Create scripts/hello_flexarm.yaml:

name: hello_flexarm
description: "First FlexArm script — experience clicking, swiping, waiting"

steps:
  # 1. Click center of screen
  - action: click
    x: 0.5
    y: 0.5

  # 2. Wait 1 second
  - action: wait
    seconds: 1

  # 3. Click bottom of screen (back navigation)
  - action: click
    x: 0.5
    y: 0.95

  # 4. Wait 2 seconds
  - action: wait
    seconds: 2

  # 5. Large swipe up (page turn)
  - action: swipe_up
    large: true

  # 6. Wait 1 second
  - action: wait
    seconds: 1

  # 7. Small swipe down
  - action: swipe_down
    large: false

  # 8. Click top-right corner
  - action: click
    x: 0.85
    y: 0.1

Run it:

curl -X POST http://127.0.0.1:7826/api/run_script \
  -H "Content-Type: application/json" \
  -d '{"path": "scripts/hello_flexarm.yaml"}'

The example above only needs calibration — no icon templates or page config required.

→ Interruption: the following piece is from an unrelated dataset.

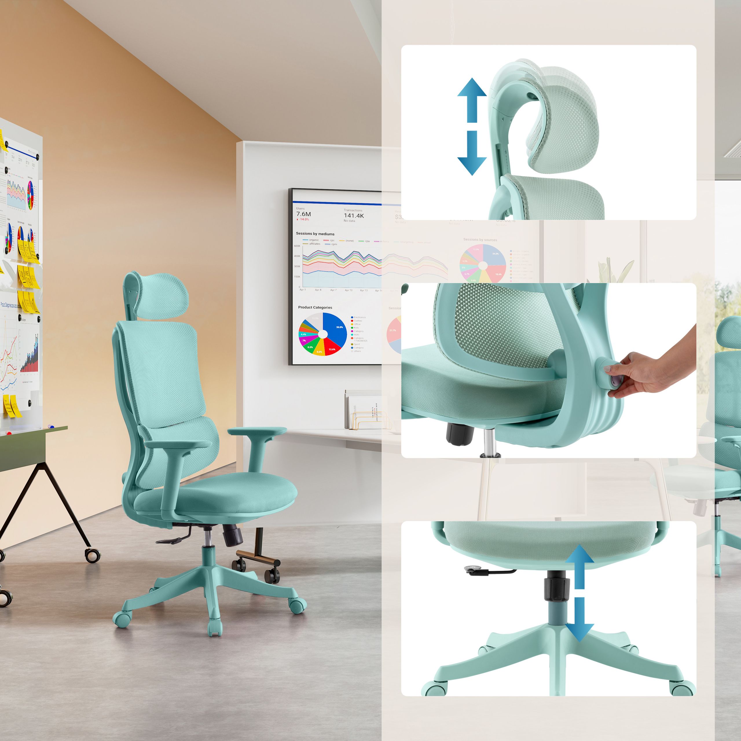 No elpojoša tīklveida auduma izgatavotā atzveltne nodrošina labu ventilāciju un novērš svīšanu pat garu darba sesiju laikā. Dziļumā regulējamais jostasvietas balsts nodrošina atbalstu muguras lejasdaļai un veicina veselīgu sēdēšanas pozu. Augstumā regulējamie roku balsti ļauj individuāli pielāgoties ķermeņa augstumam un veicina ergonomisku roku un plecu novietojumu. Augstumā regulējamais galvas balsts papildina kopējo dizainu un nodrošina optimālu atbalstu kakla un galvas zonai.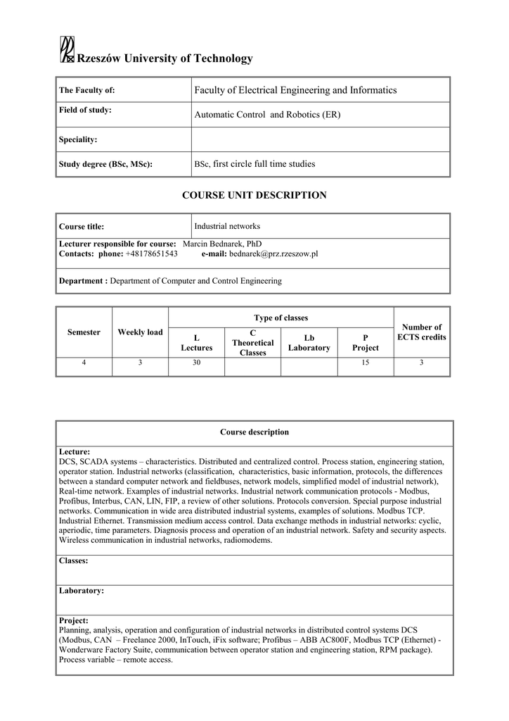 Rzeszów University of Technology Faculty of Electrical Engineering and Informatics The Faculty of: Field of study: Automatic Control and Robotics (ER) Speciality: Study degree (BSc, MSc): BSc, first circle full time studies COURSE UNIT DESCRIPTION Industrial networks Course title: Lecturer responsible for course: Marcin Bednarek, PhD Contacts: phone: +48178651543 e-mail: [email protected] Department : Department of Computer and Control Engineering Type of classes Semester Weekly load 4 3 L Lectures C Theoretical Classes Lb Laboratory 30 P Project 15 Number of ECTS credits 3 Course description Lecture: DCS, SCADA systems – characteristics. Distributed and centralized control. Process station, engineering station, operator station. Industrial networks (classification, characteristics, basic information, protocols, the differences between a standard computer network and fieldbuses, network models, simplified model of industrial network), Real-time network. Examples of industrial networks. Industrial network communication protocols - Modbus, Profibus, Interbus, CAN, LIN, FIP, a review of other solutions. Protocols conversion. Special purpose industrial networks. Communication in wide area distributed industrial systems, examples of solutions. Modbus TCP. Industrial Ethernet. Transmission medium access control. Data exchange methods in industrial networks: cyclic, aperiodic, time parameters. Diagnosis process and operation of an industrial network. Safety and security aspects. Wireless communication in industrial networks, radiomodems. Classes: Laboratory: Project: Planning, analysis, operation and configuration of industrial networks in distributed control systems DCS (Modbus, CAN – Freelance 2000, InTouch, iFix software; Profibus – ABB AC800F, Modbus TCP (Ethernet) Wonderware Factory Suite, communication between operator station and engineering station, RPM package). Process variable – remote access. Objectives of the course Knowledge about: industrial computer networks (planning and configuration of industrial networks), industrial network structure and functioning in the DCS. Examination method Lecture: written test, oral discussion Projects: written solution of design problems, oral discussion. Bibliography 1. Sacha K.: Sieci miejscowe Profibus. MIKOM, Warszawa 1998 2. Kwiecień A.: Analiza przepływu informacji w komputerowych sieciach przemysłowych, Studia Informatica, Politechnika Śląska, Gliwice 2002 3. Modicon Modbus Protocol Reference Guide PI–MBUS–300 Rev. J. MODICON, Inc., Industrial Automation Systems, North Andover, Massachusetts, June 1996 4. Modbus Application Protocol Specification V1.1a, Modbus-IDA June 4, 2004 5. Object Messaging Specification for the MODBUS/TCP Protocol Version 1.1. Modbus-IDA, November 8, 2004 6. Solnik W. ; Zajda Z.: Profibus. Technologie i aplikacje. Opis systemu. Profibus PNO, Oficyna Wydawnicza Politechniki Wrocławskiej, Wrocław 2005 7. Komputerowe sieci przemysłowe Profibus DP i MPI 8. Bednarek M.: Wizualizacja procesów. Laboratorium, Oficyna Wydawnicza Politechniki Rzeszowskiej, Rzeszów 2004 9. Bender K.: Profibus. The Fieldbus for Industrial Automation, Prentice Hall International 1993 10. Trybus L.: Regulatory wielofunkcyjne, Wydawnictwo Naukowo-Techniczne, Warszawa 1992 11. Sacha K.: Systemy czasu rzeczywistego. Oficyna Wydawnicza Politechniki Warszawskiej, Warszawa 1999 12. Legierski T. i inni: Programowanie sterowników PLC, Wydawnictwo Pracowni Komputerowej Jacka Sklamierskiego, Gliwice 1998 13. Kasprzyk J. Programowanie sterowników przemysłowych, Wydawnictwo Naukowo-Techniczne, Warszawa 2006 14. Walkowiak K.: AIgorytmy wyznaczania przepływów typu unicast i anycast w przeŜywalnych sieciach zorientowanych połączeniowo, Oficyna Wydawnicza Politechniki Wrocławskiej, Wrocław 2007 Lecturer signature Head of Department signature Dean signature

To learn more advanced actions (icon clicks, OCR text clicks, page switching, conditional branches), continue reading to understand icon templates and page definitions.

Configuration: Teach the Program About Your Phone

Phone Desktop Config — `scripts/configs/app_desktop.yaml`

Required, filename is fixed as app_desktop.yaml. The program uses it to identify pages on the phone desktop.

app_name: Phone Desktop

pages:
  - name: desktop_page0           # Page name, arbitrary string
    min_match: 2                  # At least 2 features must match
    must_features:                # Required (all must pass)
      - name: Phone
        type: image
        path: icons/app_phone.png
        mask: false               # false=4-corner sampling, loose matching
      - name: Camera
        type: image
        path: icons/app_camera.png
        mask: false
    features:                     # Optional (need min_match to pass)
      - name: Messages
        type: image
        path: icons/app_message.png
        mask: false
      - name: Settings
        type: image
        path: icons/app_settings.png
        mask: false

  - name: desktop_page1
    min_match: 3
    must_features:
      - name: Phone
        type: image
        path: icons/app_phone.png
        mask: false
      - name: Camera
        type: image
        path: icons/app_camera.png
        mask: false
    features:
      - name: Qishui Music
        type: image
        path: icons/app_qishui.png
        mask: false
      - name: WeChat
        type: image
        path: icons/app_wechat.png
        mask: false

  - name: TaskSwitcher          # Multi-task switching view
    min_match: 0
    must_features:
      - name: RecentApps
        type: image
        path: icons/task_show.png
        mask: false
      - name: Trash
        type: image
        path: icons/task_delete.png
        mask: false
    features: []

Key Fields:

must_features: all must match, or the page is skipped
features: optional; passes if matched count >= min_match
mask: false: uses 4-corner background sampling, tolerates icon size/position variation
mask: true (or omitted): strict template matching, suitable for fixed UI elements

App Page Config — `scripts/configs/app_xxx.yaml`

One config file per app, defining all recognizable pages within that app.

app_name: Qishui Music

pages:
  - name: Music
    min_match: 1
    must_features: []
    features:
      - name: BottomPlayerBar
        type: image
        path: icons/qishui/music_playing.png
        mask: false

  - name: Rewards
    min_match: 1
    must_features:
      - name: RewardsTitle
        type: text
        text: "福利"
    features: []

When switch_page in a script doesn't match any page, it auto-executes the default branch — no separate config needed.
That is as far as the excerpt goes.